===== Task input

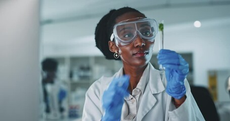 Scientists Analyzing Green Liquid Sample In Lab Videos
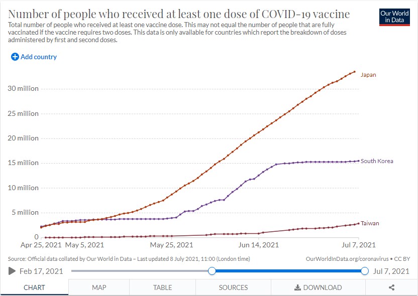 ちょっと前までワクチン接種率は人口比で日本より上ニダ!とか言ってたのに
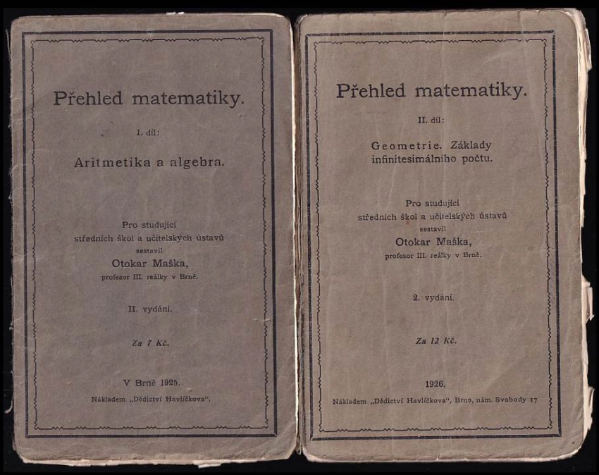 Přehled matematiky, Aritmetika a algebra 1925 I. díl (95 s., 2. vyd.)Přehled matematiky, Geometrie, základy infinitesimálního ... 1926 II. díl (160 s., 2. vyd.)
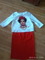 Костюм мне понравился! Качество ткани отличное, качественное. Летом жарко не будет! Что касается размерной сетки. Во первых при выборе размера организатор мне не помог, скинули таблицу размерной сетки! В принципе я не в претензиях! По размерной сетке мой размер 50, но начитавшись отзывов, решила заказать 52-й. Конечно юбка мне очень широкая, на см. 5 надо ушивать. Блуза большая в плечах, а по объему груди вроде хорошо. Еще момент, юбка темнее, чем рисунок на блузке и это очень бросается в глаза. Комплект оставила, буду перешивать под себя. Участвовать буду все равно еще, не смотря ни на что. Платья и костюмы необычные, прикольные. В моем районе такого не встретишь ни у кого! Спасибо организатору, доставка раньше срока! Комплект заказывала для случая, и о счастье, у меня будет время перешить под себя! Спасибо еще раз
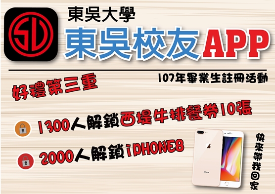 即日起107級應屆畢業生只要下載註冊「東吳校友APP」,還可享好禮三重送:註冊即送限定版紀念領帶或時尚絲巾(二選一)數量有限,送完為止;全班註冊達20人,購買畢業領巾享240元超佛心優惠;全校註冊滿2000人還抽Iphone8等大獎喔!為方便畢業生下載註冊「東吳校友APP」,6月16至17日畢業典禮兩日,校友資拓中心將於外雙溪校區望星廣場駐點服務,歡迎各位應屆畢業生踴躍下載「東吳校友APP」。
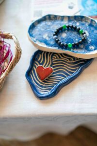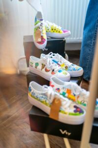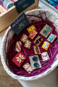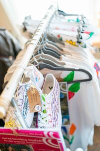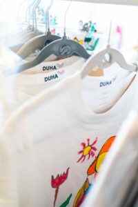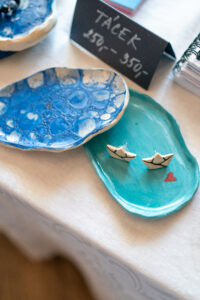 Kromě štendrů s oblečením se návštěvníci zastavovali také u stánku Společnosti DUHA. Zaujaly je originální výrobky klientů z ateliérů Center denních služeb – náušnice, brože, keramické tácky na šperky nebo vonné svíčky.  Zájem byl i o Jarní limitku DUHA. Šátky, tenisky i trička si našly nové majitele a už dělají radost dál.
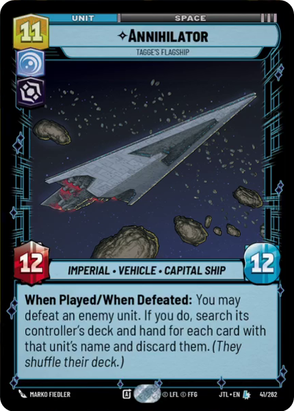 When Played/When Defeated: You may defeat an enemy unit. If you do, search its controller's deck and hand for each card with that unit's name and discard them. (They shuffle their deck.)
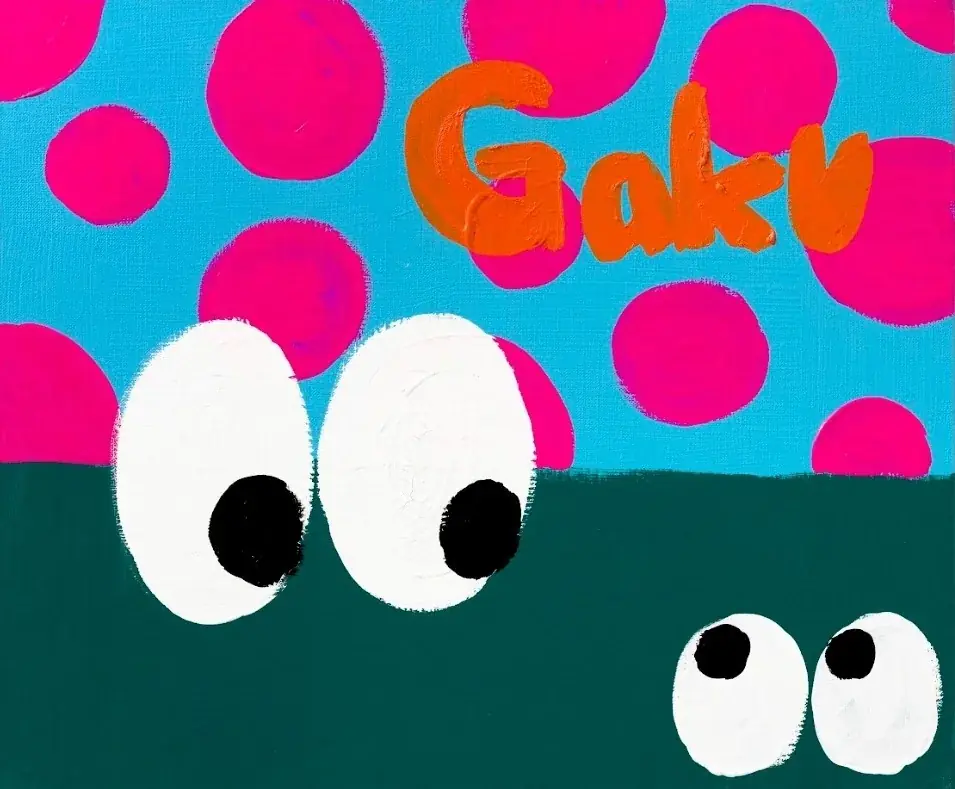 | 代表的な作品例 | Happy Together(116.7×91cm、アクリル・キャンバス/参考)/Happy Cheetah(72.5×60.6cm、参考)/Red Yellow Bubble(72.5×60.6cm、550,000円)/Human親子(45.5×38cm、参考)/Gaku’s Garden(60.6×60.6cm、1,078,000円) |
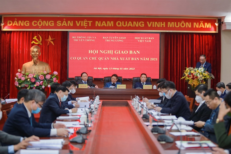 Phó Trưởng ban Ban Tuyên giáo Trung ương Trần Thanh Lâm; Thứ trưởng Bộ TTTT Phạm Anh Tuấn; Chủ tịch Hội Xuất bản Việt Nam Hoàng Vĩnh Bảo đồng chủ trì Hội nghị
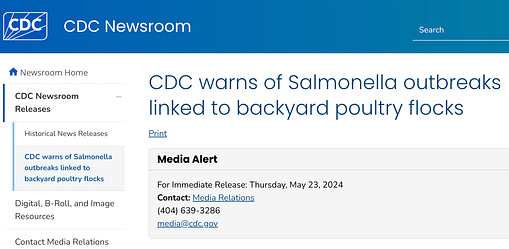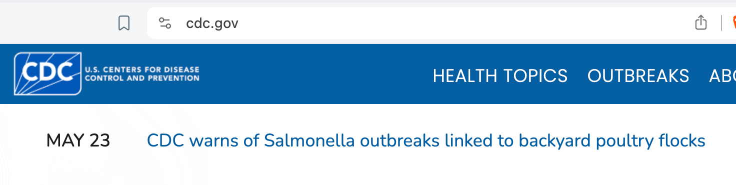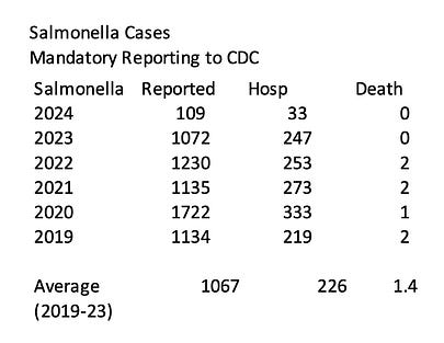 A search for poultry and salmonella on the CDC website reveals no such investigations or public reports for commercial poultry operations. There are NO reports for 2024, 2023, 2022, 2021, 2020 or 2019 (the archives stop at 2019).
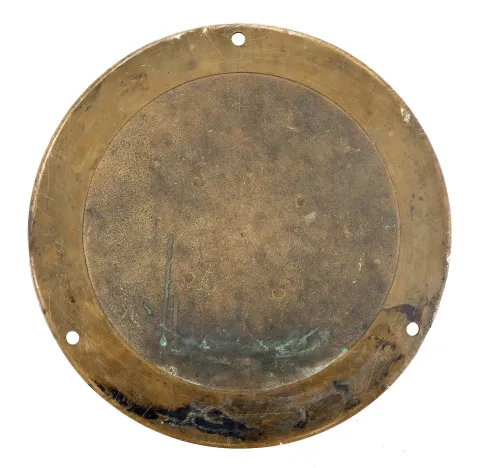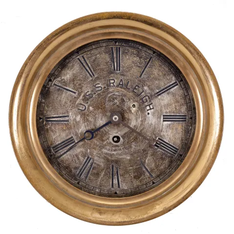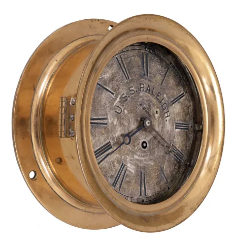 The U.S.S. Raleigh of this clock's era was a United States Navy cruiser commissioned in 1894 and in service until 1919. She served in both the Spanish-American War and World War I. Raleigh is credited with firing the first shot of the Battle of Manila Bay in the Spanish-American War. She was filmed with an early motion picture camera by Thomas Edison's company in 1899: The heavy brass case is stamped "ER" at the top, perhaps for "Engine Room". The case is tarnished and has some scratches. The bezel glass is missing. Key for locking bezel is present and working. The silvered dial is very tarnished with some yellow areas -- either brass or bad lacquer. Minute hand has surface rust. The rate adjustment hole in the dial was plugged and moved up to accommodate the arbor. Movement ticks. Movement serial number 41978 This in one of a very few clocks in this auction connected to a known naval vessel. An image of the U.S.S. Raleigh may be found here: https://upload.wikimedia.org/wikipedia/commons/2/2b/Raleigh_%28Cruiser_…
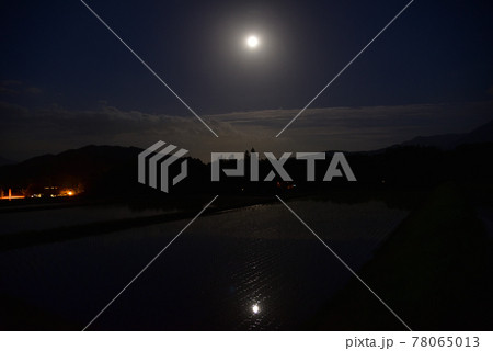 北杜市白州町、田植えの後の水田に映る月(横位置)
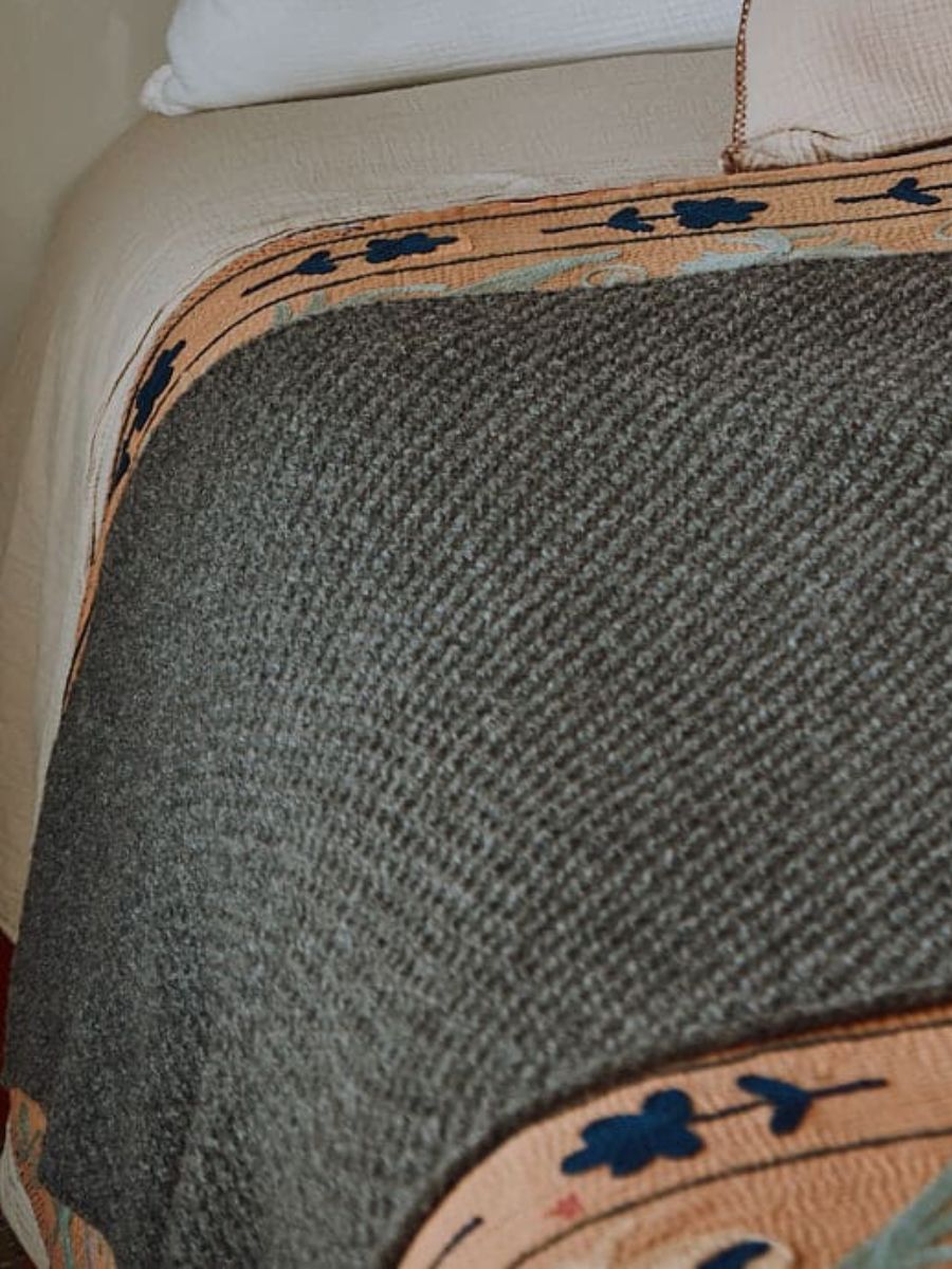 ISABELLE Plaid en laine mérinos - Gris cendré
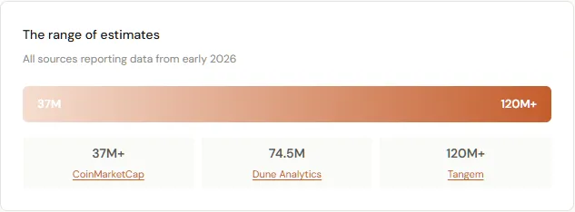• Tangem:引用2026年1月链上数据,主要网络上超过1.2亿
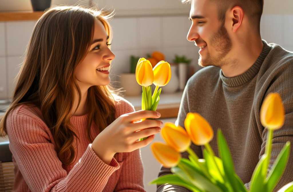 Да, в машине. А вот вам, достал Алексей маленький букет тюльпанов.
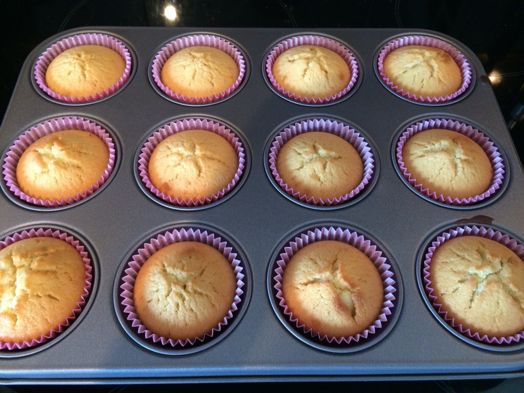 Fyll muffinsformer 3/4 fulle, og stek på 200 grader i ca 20 minutter midt i ovnen. Sjekk med kakenål at de er gjennomstekt før de tas ut. Avkjøl på rist.
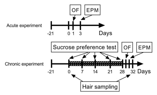 The most frequently used outcome measure of anhedonia is the sucrose preference test (SPT), and CUMS has been proved to decreased sucrose consumption. However, it might be unreliable, especially when it is applied to “normal” rats []. For the assessment of the behavioral aspects, the open field and elevated plus maze tests were performed at days 1 and 3 in the acute experiment and at days 29 and 31 in the chronic experiment to measure anxiety-like behavior and exploratory and locomotor activity (Figure 1).
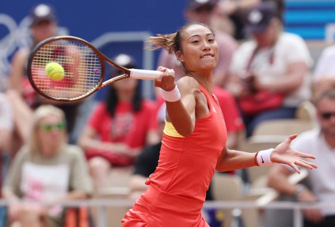 8月3日,郑钦文在比赛中回球。(图/新华社)

==========

> Exercise description:
Each entry should be transcribed exactly as given, with pictures omitted.

> Response to the exercise:
 Scientists Analyzing Green Liquid Sample In Lab Videos
 ちょっと前までワクチン接種率は人口比で日本より上ニダ!とか言ってたのに
 Přehled matematiky, Aritmetika a algebra 1925 I. díl (95 s., 2. vyd.)Přehled matematiky, Geometrie, základy infinitesimálního ... 1926 II. díl (160 s., 2. vyd.)
 Костюм мне понравился! Качество ткани отличное, качественное. Летом жарко не будет! Что касается размерной сетки. Во первых при выборе размера организатор мне не помог, скинули таблицу размерной сетки! В принципе я не в претензиях! По размерной сетке мой размер 50, но начитавшись отзывов, решила заказать 52-й. Конечно юбка мне очень широкая, на см. 5 надо ушивать. Блуза большая в плечах, а по объему груди вроде хорошо. Еще момент, юбка темнее, чем рисунок на блузке и это очень бросается в глаза. Комплект оставила, буду перешивать под себя. Участвовать буду все равно еще, не смотря ни на что. Платья и костюмы необычные, прикольные. В моем районе такого не встретишь ни у кого! Спасибо организатору, доставка раньше срока! Комплект заказывала для случая, и о счастье, у меня будет время перешить под себя! Спасибо еще раз
 即日起107級應屆畢業生只要下載註冊「東吳校友APP」,還可享好禮三重送:註冊即送限定版紀念領帶或時尚絲巾(二選一)數量有限,送完為止;全班註冊達20人,購買畢業領巾享240元超佛心優惠;全校註冊滿2000人還抽Iphone8等大獎喔!為方便畢業生下載註冊「東吳校友APP」,6月16至17日畢業典禮兩日,校友資拓中心將於外雙溪校區望星廣場駐點服務,歡迎各位應屆畢業生踴躍下載「東吳校友APP」。
 Kromě štendrů s oblečením se návštěvníci zastavovali také u stánku Společnosti DUHA. Zaujaly je originální výrobky klientů z ateliérů Center denních služeb – náušnice, brože, keramické tácky na šperky nebo vonné svíčky.  Zájem byl i o Jarní limitku DUHA. Šátky, tenisky i trička si našly nové majitele a už dělají radost dál.
 When Played/When Defeated: You may defeat an enemy unit. If you do, search its controller's deck and hand for each card with that unit's name and discard them. (They shuffle their deck.)
 | 代表的な作品例 | Happy Together(116.7×91cm、アクリル・キャンバス/参考)/Happy Cheetah(72.5×60.6cm、参考)/Red Yellow Bubble(72.5×60.6cm、550,000円)/Human親子(45.5×38cm、参考)/Gaku’s Garden(60.6×60.6cm、1,078,000円) |
 Phó Trưởng ban Ban Tuyên giáo Trung ương Trần Thanh Lâm; Thứ trưởng Bộ TTTT Phạm Anh Tuấn; Chủ tịch Hội Xuất bản Việt Nam Hoàng Vĩnh Bảo đồng chủ trì Hội nghị
 A search for poultry and salmonella on the CDC website reveals no such investigations or public reports for commercial poultry operations. There are NO reports for 2024, 2023, 2022, 2021, 2020 or 2019 (the archives stop at 2019).
 The U.S.S. Raleigh of this clock's era was a United States Navy cruiser commissioned in 1894 and in service until 1919. She served in both the Spanish-American War and World War I. Raleigh is credited with firing the first shot of the Battle of Manila Bay in the Spanish-American War. She was filmed with an early motion picture camera by Thomas Edison's company in 1899: The heavy brass case is stamped "ER" at the top, perhaps for "Engine Room". The case is tarnished and has some scratches. The bezel glass is missing. Key for locking bezel is present and working. The silvered dial is very tarnished with some yellow areas -- either brass or bad lacquer. Minute hand has surface rust. The rate adjustment hole in the dial was plugged and moved up to accommodate the arbor. Movement ticks. Movement serial number 41978 This in one of a very few clocks in this auction connected to a known naval vessel. An image of the U.S.S. Raleigh may be found here: https://upload.wikimedia.org/wikipedia/commons/2/2b/Raleigh_%28Cruiser_…
 北杜市白州町、田植えの後の水田に映る月(横位置)
 ISABELLE Plaid en laine mérinos - Gris cendré
• Tangem:引用2026年1月链上数据,主要网络上超过1.2亿
 Да, в машине. А вот вам, достал Алексей маленький букет тюльпанов.
 Fyll muffinsformer 3/4 fulle, og stek på 200 grader i ca 20 minutter midt i ovnen. Sjekk med kakenål at de er gjennomstekt før de tas ut. Avkjøl på rist.
 The most frequently used outcome measure of anhedonia is the sucrose preference test (SPT), and CUMS has been proved to decreased sucrose consumption. However, it might be unreliable, especially when it is applied to “normal” rats []. For the assessment of the behavioral aspects, the open field and elevated plus maze tests were performed at days 1 and 3 in the acute experiment and at days 29 and 31 in the chronic experiment to measure anxiety-like behavior and exploratory and locomotor activity (Figure 1).
 8月3日,郑钦文在比赛中回球。(图/新华社)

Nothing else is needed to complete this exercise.